Summary: in contrast to love potions administered by a member of the couple, which generally have personal motivation, these third person love potions are done for political and strategic reasons and are relatively free of consequences. But what consequences there are tend to fall on the victims of the potions, not the administrators.
Reclaiming Freedom with Magic Potions - Mathilde Pointiere Forrest, Louisiana State University
[Evidently the speaker was not able to join the panel.]
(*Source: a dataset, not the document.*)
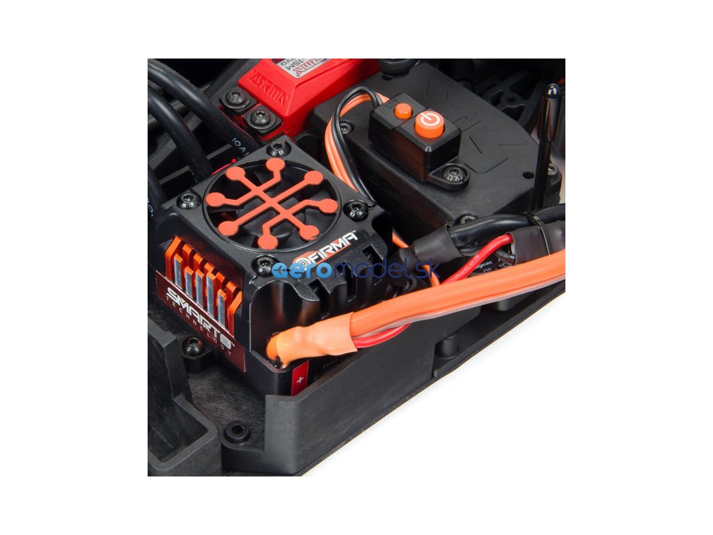V modeli sú integrované komponenty Spektrum® Firma™ Smart™. Ak použijete dvojicu LiPol batérií SMART, môžete na vysielači vidieť indikáciu stavu napätia prostredníctvom LED diódy. Navyše, ak použijete kompatibilný vysielač Spektrum vyššej triedy s displejom, budete mať k dispozícii ďalšie telemetrické údaje, ako sú otáčky motora, teplota regulátora, napätie prijímača (BEC), napätie pohonného akumulátora v reálnom čase.

Teaching "Love Magic" in the Aftermath of #MeToo - Dr. Emilee J. Howland, PhD, State Technical College of Missouri
Discussion of issues of love magic and consent in Chaucer and Mallory, both of whom faced charges of rape. A general discussion of how to teach topics that parallel evolving social concerns in the classroom. Background discussion of the #MeToo movement, especially in academia. In love magic, a person is compelled by an outside force to participate in sex—negating the person’s right to consent or not. The speaker discusses how the rape charges against Mallory and Chaucer are often presented with justification or amelioration. “It wasn’t actually rape.” “The word didn’t mean what we understand by rape.” “The charges were made by a third party, not by the woman.” These justifications may then be turned around and applied to modern contexts. How can the historic motifs and actions be put in context in ways that are both true to the history and sensitive to student circumstances and reception? Handling direct examples of assault and rape in texts requires one set of approaches. But how does love magic fit into this? How do we navigate the dynamics of consent when trickery or magic remove a character’s ability to provide informed consent? And how do those dynamics change when the outcome (e.g., production of a prophesied child) is depicted as an ultimate good? Does the end justify the means? Dealing with this material is part of the current challenge of progressive academia.
And that's it for Kalamazoo until next year! All that's left now is the unboxening of the books, which all appear to have arrived at this point.